HIPAA Compliance for Self-Administered Group Health Plans

HIPAA Compliance for Self-Administered Group Health Plan

One of the most confusing aspects of HIPAA legislation is HIPAA compliance for self-insured group health plans and self-administered health group plans.

The Administrative Simplification Rules of the Health Insurance Portability and Accountability Act (HIPAA) put in place obligations on healthcare clearinghouses, certain healthcare providers and health plans (collectively known as “Covered Entities”) to adhere with national standards for electronic healthcare transactions, the use of unique identifiers, and privacy and security.

The standards were formulated by the U.S. Department of Health & Human Services and released in 2000 (the HIPAA Privacy Rule) and 2003 (the HIPAA Security Rule). Subsequent changes, guidelines and companion Rules have shaped HIPAA compliance for self-insured group health plans to allow for advances in technology and changes in working processes.

What is a Self-Insured Group Health Plan?

As a result of the complicated nature of HIPAA, and to better comprehend what HIPAA compliance for self-insured group health plans involves, it is practical to define what a self-insured group health plan actually is. A self-insured group health plan is one in which an employer takes on the financial risk for providing healthcare benefits to its staff as opposed to buying a “fully-insured” plan from an insurance provider.

Typically, a self-insured employer will establish a special trust fund to earmark money (corporate and employee contributions) to pay incurred claims and either administer the plan themselves or – more typically for larger employers – retain the services of an outside third-party administrator. A self-insured group health care plan can also incorporate medical expense reimbursement, flexible spending account plans (medical FSAs), and health reimbursement account plans (HRAs).

Self-Insured Companies and Exemptions from HIPAA Compliance

Exemptions from HIPAA compliance for self-insured companies are unusual. Only if a group health plan is self-insured, self-administered, and the employer has less than fifty employees is the firm exempt from HIPAA compliance – provided medical FSAs and HRAs are also managed by the employer and not an outside third-party administrator. Providing an employee assistance plan or wellness plan can also require HIPAA compliance for self-insured companies.

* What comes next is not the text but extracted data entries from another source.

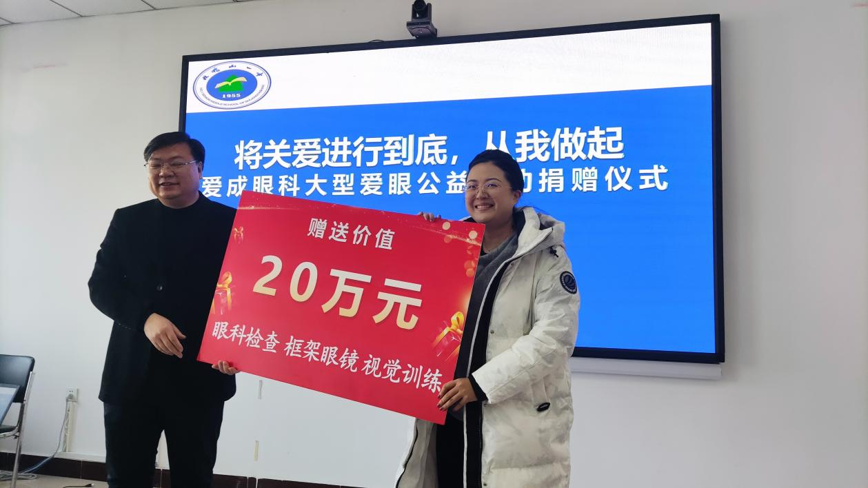 市爱成眼科门诊主任徐亚意代表捐献方致辞中说,双鸭山爱成眼科门诊开展此次爱眼捐赠活动,为双鸭山市第一中学有近视的学生捐赠总价值20万元的爱心基金,其中包括全套专业眼科检查、整套框架眼镜共660付,斜弱视视觉训练2000次。希望借助此次捐助活动向社会传递正能量,让更多已经有近视的青少年得到及时的矫正。希望学生们以优异的成绩回报社会,服务人民,建设双鸭山。
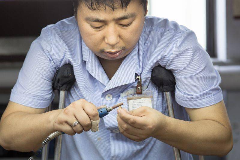 谭木匠工厂残疾员工在打磨产品
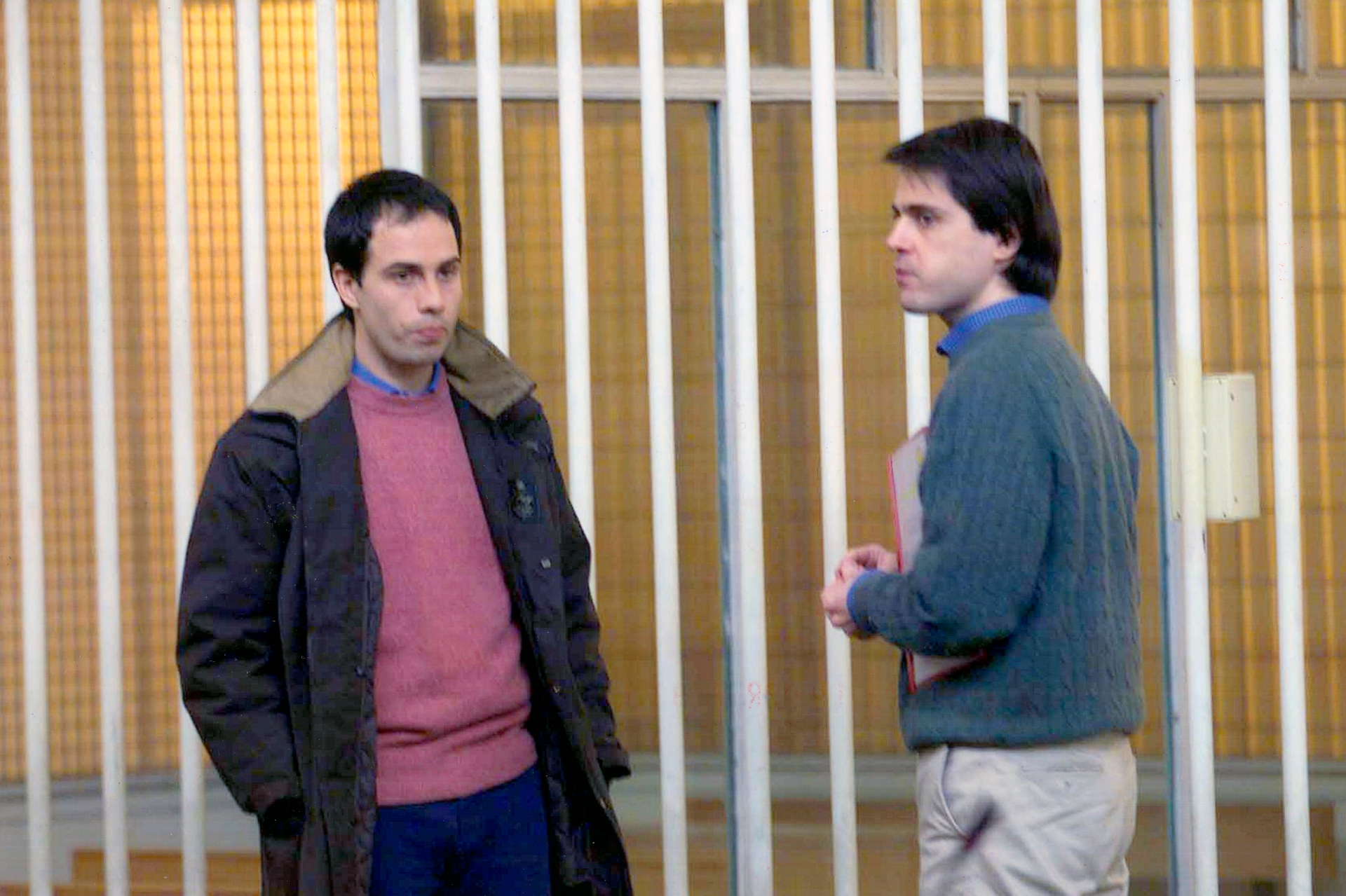 Salvatore Ferraro e Giovanni Scattone fotografati alla fine dell'udienza nel 1999

Unsurprisingly, there is a gray area of HIPAA compliance for self-insured companies known as “partial compliance”. Partial compliance is relevant when neither the sponsor of a group health plan nor its insurance agent has any access to or sends Protected Health Information (PHI) electronically. These “hands off” group health plans only happen in specific circumstance, and generally most self-insured group health plans will be required to comply with HIPAA.

What Makes Up HIPAA Compliance for Self-Insured Group Health Plans?

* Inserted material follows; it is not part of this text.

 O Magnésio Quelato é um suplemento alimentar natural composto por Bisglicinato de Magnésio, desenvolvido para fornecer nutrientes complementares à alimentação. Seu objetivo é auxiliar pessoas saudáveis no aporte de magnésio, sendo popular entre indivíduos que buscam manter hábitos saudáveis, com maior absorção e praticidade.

As mentioned previously, HIPAA compliance for self-insured group health plans is one of the most confusing areas of HIPAA legislation. This is not only because it can be difficult to deduce whether a company is subject to the legislation, but also because compliance requirements will differ from company to company depending on factors such as its size, the nature of its business and its structure. Generally speaking, the requirements for HIPAA compliance are:

Appoint a Privacy and Security Officer

Firms with self-insured group health plans should start by hiring a HIPAA Privacy Officer and a HIPAA Security Officer. These positions can be carried out by the same person and could be an existing member of staff. The first role is to identify where, why, and to what extent PHI is created, received, maintained, stored, or transmitted by the group health plan. This will likely involve the work of many different departments such as IT, legal, payroll and HR.

Develop HIPAA-Compliant Privacy Policies

Once the identification of PHI is finished, the next stage of HIPAA compliance for self-insured group health plans is to formulate HIPAA-compliant privacy policies establishing the allowable uses and disclosures of PHI. This should take into account third-party administrators who – acting as a Business Associate – will also have to adhere with HIPAA, and with whom it will be necessary to enter into a HIPAA Business Associate Agreement.

Formulate HIPAA-Compliant Security Policies

One of the necessary requirements of the HIPAA Security Rule is for Covered Entities to adopt administrative, physical and technical security measures to ensure the confidentiality, integrity, and availability of electronic PHI. In order to meet this requirement, Security Officers should complete a risk assessment to find any weaknesses that may lead to the unauthorized access or disclosure of electronic PHI, and – following the risk analysis – implement suitable measures and policies to address the weaknesses and reduce them to a reasonable and acceptable level.

Implement a Breach Notification Policy

Regardless of a company’s best attempts to achieve HIPAA compliance, there may come a time when an unauthorized disclosure of PHI happens. Self-insured companies need to be ready for such occurrences, and should develop a breach notification policy to alert employees that personal information may have been compromised, and also the HHS’ Office for Civil Rights.

Employee Training is Vital

In order to enforce the policies and ensure HIPAA compliance, employee training is vital. As subscribers to a self-insured group health plan, each worker should be given a notice of the plan’s privacy practices which explains the allowable uses and disclosures of PHI. Each employee should also be supplied with a copy of the company’s sanction policy explaining the consequences of failing to adhere with privacy, security and breach notification policies.